What the task asks:
Do not include the pictures; repeat the rest of the data exactly.

Information supplied:
┄┄┄┄┄┄┄┄┄┄┄┄┄┄┄┄┄┄┄┄
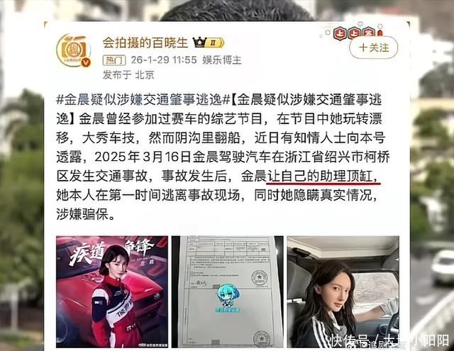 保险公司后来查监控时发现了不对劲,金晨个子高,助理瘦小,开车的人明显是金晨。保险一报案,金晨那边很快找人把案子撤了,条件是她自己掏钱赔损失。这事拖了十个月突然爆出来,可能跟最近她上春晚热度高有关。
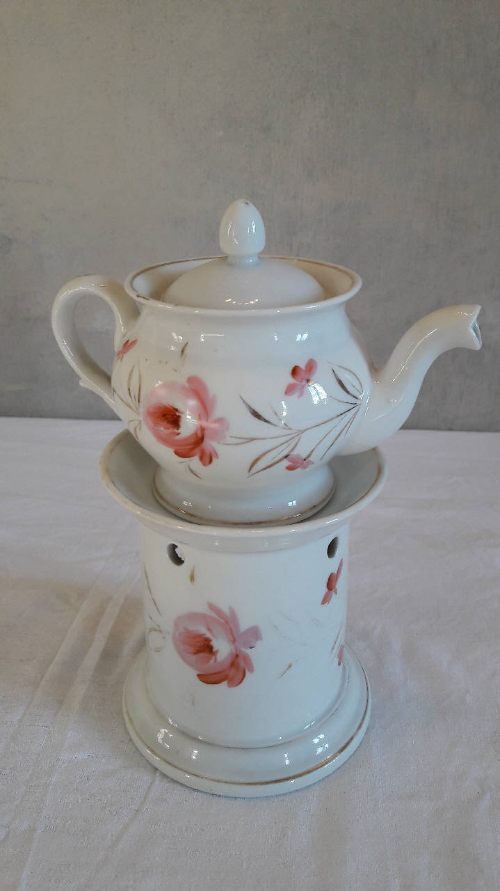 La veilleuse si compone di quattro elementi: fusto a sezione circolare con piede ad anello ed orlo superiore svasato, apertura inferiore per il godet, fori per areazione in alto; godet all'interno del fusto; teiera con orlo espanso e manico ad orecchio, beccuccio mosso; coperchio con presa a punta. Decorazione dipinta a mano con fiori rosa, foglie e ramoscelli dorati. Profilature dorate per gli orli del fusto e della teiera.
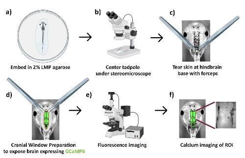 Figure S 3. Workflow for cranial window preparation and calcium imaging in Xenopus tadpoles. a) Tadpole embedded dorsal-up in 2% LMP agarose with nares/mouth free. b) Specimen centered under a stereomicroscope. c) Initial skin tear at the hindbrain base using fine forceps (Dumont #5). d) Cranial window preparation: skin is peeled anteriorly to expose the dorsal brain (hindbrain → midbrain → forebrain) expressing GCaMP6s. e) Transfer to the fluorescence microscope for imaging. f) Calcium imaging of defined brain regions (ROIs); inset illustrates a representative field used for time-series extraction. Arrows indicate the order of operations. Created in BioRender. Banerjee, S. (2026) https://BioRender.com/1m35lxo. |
┄┄┄┄┄┄┄┄┄┄┄┄┄┄┄┄┄┄┄┄
Solution to this task:
 保险公司后来查监控时发现了不对劲,金晨个子高,助理瘦小,开车的人明显是金晨。保险一报案,金晨那边很快找人把案子撤了,条件是她自己掏钱赔损失。这事拖了十个月突然爆出来,可能跟最近她上春晚热度高有关。
 La veilleuse si compone di quattro elementi: fusto a sezione circolare con piede ad anello ed orlo superiore svasato, apertura inferiore per il godet, fori per areazione in alto; godet all'interno del fusto; teiera con orlo espanso e manico ad orecchio, beccuccio mosso; coperchio con presa a punta. Decorazione dipinta a mano con fiori rosa, foglie e ramoscelli dorati. Profilature dorate per gli orli del fusto e della teiera.
 Figure S 3. Workflow for cranial window preparation and calcium imaging in Xenopus tadpoles. a) Tadpole embedded dorsal-up in 2% LMP agarose with nares/mouth free. b) Specimen centered under a stereomicroscope. c) Initial skin tear at the hindbrain base using fine forceps (Dumont #5). d) Cranial window preparation: skin is peeled anteriorly to expose the dorsal brain (hindbrain → midbrain → forebrain) expressing GCaMP6s. e) Transfer to the fluorescence microscope for imaging. f) Calcium imaging of defined brain regions (ROIs); inset illustrates a representative field used for time-series extraction. Arrows indicate the order of operations. Created in BioRender. Banerjee, S. (2026) https://BioRender.com/1m35lxo. |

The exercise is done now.